Network analysis experiment for the "Web Information Retrieval" course at La Sapienza University of Rome.
The goal is to find the polarization of the communities inside the Twitter social network regarding Coronavirus related topics. Indeed, with social media, misinformation about COVID-19, or vaccines, for example, can reach huge audiences and circulate very quickly. Therefore, it is crucial to find ways to recognize reliable information.
For the experiment documents:
Network seed dataset:
- The "Coronavirus Tweet Ids" dataset from Harvard University [version 1]

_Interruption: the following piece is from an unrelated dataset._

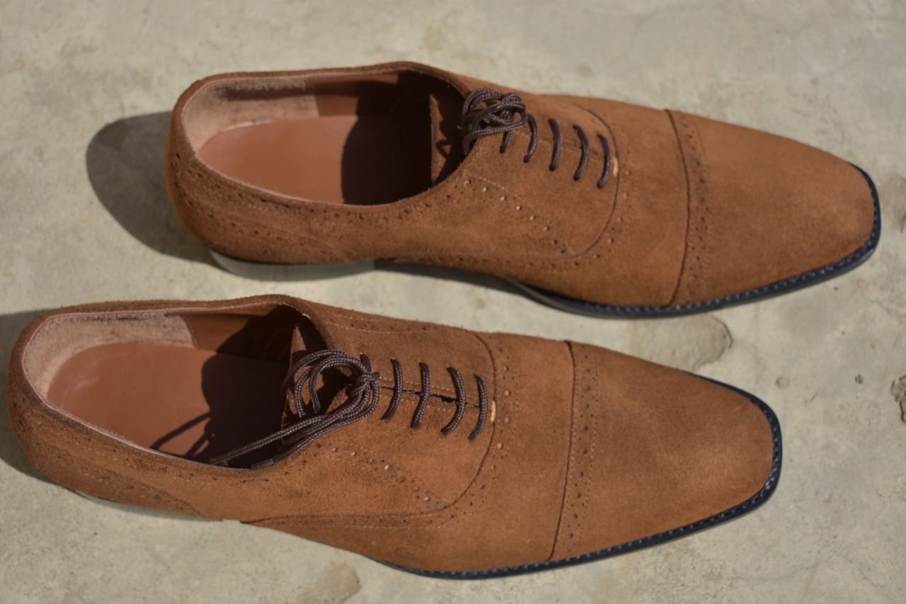 Unique Men's Hand Stitch Brown Shoes, Cap toe Lace Up Suede Formal Shoes

- Contains the ids of 51,798,932 tweets related to Coronavirus or COVID-19;
- Collected between March 3, 2020 and March 19, 2020 from the Twitter API using Social Feed Manager;
- Collected using the POST statuses/filter method of the Twitter Stream API, using the track parameter with the following keywords: #Coronavirus, #Coronaoutbreak, #COVID19;
Once preprocessed the dataset, we executed the following steps:
- Build the users graph
- node ⇒ user
- edge ⇒ interaction or common domain cited (undirected and weighted)
- Louvain’s method to extract communities from large networks
- Word embedding and semantic deviation
Note: We do not aim to open a debate on social media misinformation during the pandemic period, indeed our analysis considers only partial information. Thus, take in consideration that our result cannot be used as a real estimator.